2. Transport and transportation systems, mobility and transport needs, demand for passenger and freight transport
and supply, the role of transport and transport in society, the transport system and
the key concepts and terms relating to fairway technology, the transport system and the various modes of transport,
modes and modes of transport as part of the transport system, sustainable and safe transport
transportation system; the main environmental, health and safety impacts of transport, to these
the related objectives and means of action, the basis for the design and development of the transport system,
goals and the different actors involved in the development of the future of the transport and transportation system
challenges and opportunities.
3. Transport infrastructure, transport infrastructure construction environment, operators and
stakeholders and legislation, transport infrastructure management and planning criteria,
fairway hierarchy and key concepts of fairway geometry, cross sections of roads, streets and railways; and
structural features, street features, and multi-purpose functionality
(different modes of travel, parking, etc.) and infrastructure and equipment under and over the street,
basics of road and street maintenance: winter and summer care and maintenance with ratings.

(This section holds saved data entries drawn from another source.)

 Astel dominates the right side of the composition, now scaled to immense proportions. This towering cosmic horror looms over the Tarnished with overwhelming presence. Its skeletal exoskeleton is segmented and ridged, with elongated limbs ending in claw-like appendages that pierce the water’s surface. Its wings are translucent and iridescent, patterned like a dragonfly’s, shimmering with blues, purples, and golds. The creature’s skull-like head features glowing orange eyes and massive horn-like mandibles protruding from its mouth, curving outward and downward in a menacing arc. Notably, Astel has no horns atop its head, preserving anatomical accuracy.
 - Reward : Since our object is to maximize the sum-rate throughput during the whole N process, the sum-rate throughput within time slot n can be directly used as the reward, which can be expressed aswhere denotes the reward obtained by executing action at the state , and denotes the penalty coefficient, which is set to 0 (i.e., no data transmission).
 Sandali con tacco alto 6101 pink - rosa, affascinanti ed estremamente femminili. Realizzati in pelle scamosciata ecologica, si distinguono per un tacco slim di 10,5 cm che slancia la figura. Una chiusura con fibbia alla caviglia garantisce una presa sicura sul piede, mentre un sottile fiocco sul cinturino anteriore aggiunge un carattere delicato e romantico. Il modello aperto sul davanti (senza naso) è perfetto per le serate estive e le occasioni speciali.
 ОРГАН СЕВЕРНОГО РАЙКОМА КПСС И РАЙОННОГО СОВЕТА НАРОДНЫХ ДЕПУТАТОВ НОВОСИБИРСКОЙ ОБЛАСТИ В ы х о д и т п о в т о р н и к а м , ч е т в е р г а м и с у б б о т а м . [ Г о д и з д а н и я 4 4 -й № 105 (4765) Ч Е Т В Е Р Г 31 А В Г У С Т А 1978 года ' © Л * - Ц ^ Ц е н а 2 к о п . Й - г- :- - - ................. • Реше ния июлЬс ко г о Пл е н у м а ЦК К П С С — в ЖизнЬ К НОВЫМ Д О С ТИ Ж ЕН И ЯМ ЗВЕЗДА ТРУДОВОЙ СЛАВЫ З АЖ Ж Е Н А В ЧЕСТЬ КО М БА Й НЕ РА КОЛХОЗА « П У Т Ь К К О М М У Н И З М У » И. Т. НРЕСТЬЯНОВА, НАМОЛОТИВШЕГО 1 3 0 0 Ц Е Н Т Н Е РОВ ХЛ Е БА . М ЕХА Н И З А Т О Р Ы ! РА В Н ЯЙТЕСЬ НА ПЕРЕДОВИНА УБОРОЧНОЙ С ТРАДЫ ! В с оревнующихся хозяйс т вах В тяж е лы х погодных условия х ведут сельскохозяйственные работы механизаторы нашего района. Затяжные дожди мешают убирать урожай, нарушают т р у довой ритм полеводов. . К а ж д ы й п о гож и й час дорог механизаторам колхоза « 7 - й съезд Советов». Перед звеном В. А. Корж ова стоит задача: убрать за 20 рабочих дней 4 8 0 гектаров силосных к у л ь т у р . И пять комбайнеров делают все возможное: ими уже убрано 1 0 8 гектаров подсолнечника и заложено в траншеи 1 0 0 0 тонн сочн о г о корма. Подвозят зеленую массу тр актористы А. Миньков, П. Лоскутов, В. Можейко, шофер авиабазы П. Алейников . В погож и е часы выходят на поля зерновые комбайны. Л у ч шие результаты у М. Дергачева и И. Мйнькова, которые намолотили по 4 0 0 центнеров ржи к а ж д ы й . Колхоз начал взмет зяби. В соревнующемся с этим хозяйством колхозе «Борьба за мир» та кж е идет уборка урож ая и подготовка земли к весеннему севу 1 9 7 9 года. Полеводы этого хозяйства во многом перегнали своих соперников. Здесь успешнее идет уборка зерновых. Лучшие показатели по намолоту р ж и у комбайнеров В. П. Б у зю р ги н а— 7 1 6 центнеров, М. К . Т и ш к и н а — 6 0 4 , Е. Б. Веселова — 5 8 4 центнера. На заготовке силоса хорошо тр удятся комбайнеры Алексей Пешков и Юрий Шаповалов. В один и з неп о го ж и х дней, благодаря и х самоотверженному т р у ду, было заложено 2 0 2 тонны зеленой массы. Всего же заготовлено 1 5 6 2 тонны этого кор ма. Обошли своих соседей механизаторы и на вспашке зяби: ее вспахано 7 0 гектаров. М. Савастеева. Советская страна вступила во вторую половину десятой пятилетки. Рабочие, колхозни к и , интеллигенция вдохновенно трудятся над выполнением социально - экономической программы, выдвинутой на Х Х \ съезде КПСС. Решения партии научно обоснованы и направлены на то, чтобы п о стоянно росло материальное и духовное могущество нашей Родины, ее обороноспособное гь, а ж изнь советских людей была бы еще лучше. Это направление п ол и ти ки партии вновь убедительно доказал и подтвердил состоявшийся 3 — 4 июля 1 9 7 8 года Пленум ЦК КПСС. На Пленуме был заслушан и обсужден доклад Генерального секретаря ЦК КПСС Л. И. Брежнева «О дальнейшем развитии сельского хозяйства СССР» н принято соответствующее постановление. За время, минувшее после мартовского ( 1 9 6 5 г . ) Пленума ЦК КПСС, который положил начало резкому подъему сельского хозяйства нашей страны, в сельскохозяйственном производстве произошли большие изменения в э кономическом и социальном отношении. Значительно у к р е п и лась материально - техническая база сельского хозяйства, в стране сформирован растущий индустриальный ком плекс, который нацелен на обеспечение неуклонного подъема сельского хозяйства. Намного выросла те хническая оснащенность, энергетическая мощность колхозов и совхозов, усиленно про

4. Water management systems and services, the value and importance of water management in society,
water supply system as a whole (domestic water, waste water, storm water), development of water supply as a part
communities, water circulation in communities, water supply institutions and stakeholders, water supply
strategic asset management, customer oriented water management, water management and
development and future challenges.
5. Recycling and waste management, waste management legislation, waste law priority order, key concepts:
reuse, recycling, recovery, waste categories, hazardous waste, construction waste,
material efficiency, circular economy, waste sorting, collection and transportation, waste treatment technologies,
waste treatment centers, disposal.
6. Energy and telecommunications networks, key energy and telecommunications networks in society,
from the point of view of the built environment and infrastructure engineering, network management and maintenance
(national networks, underground cables, district heating networks, gas lines, etc.).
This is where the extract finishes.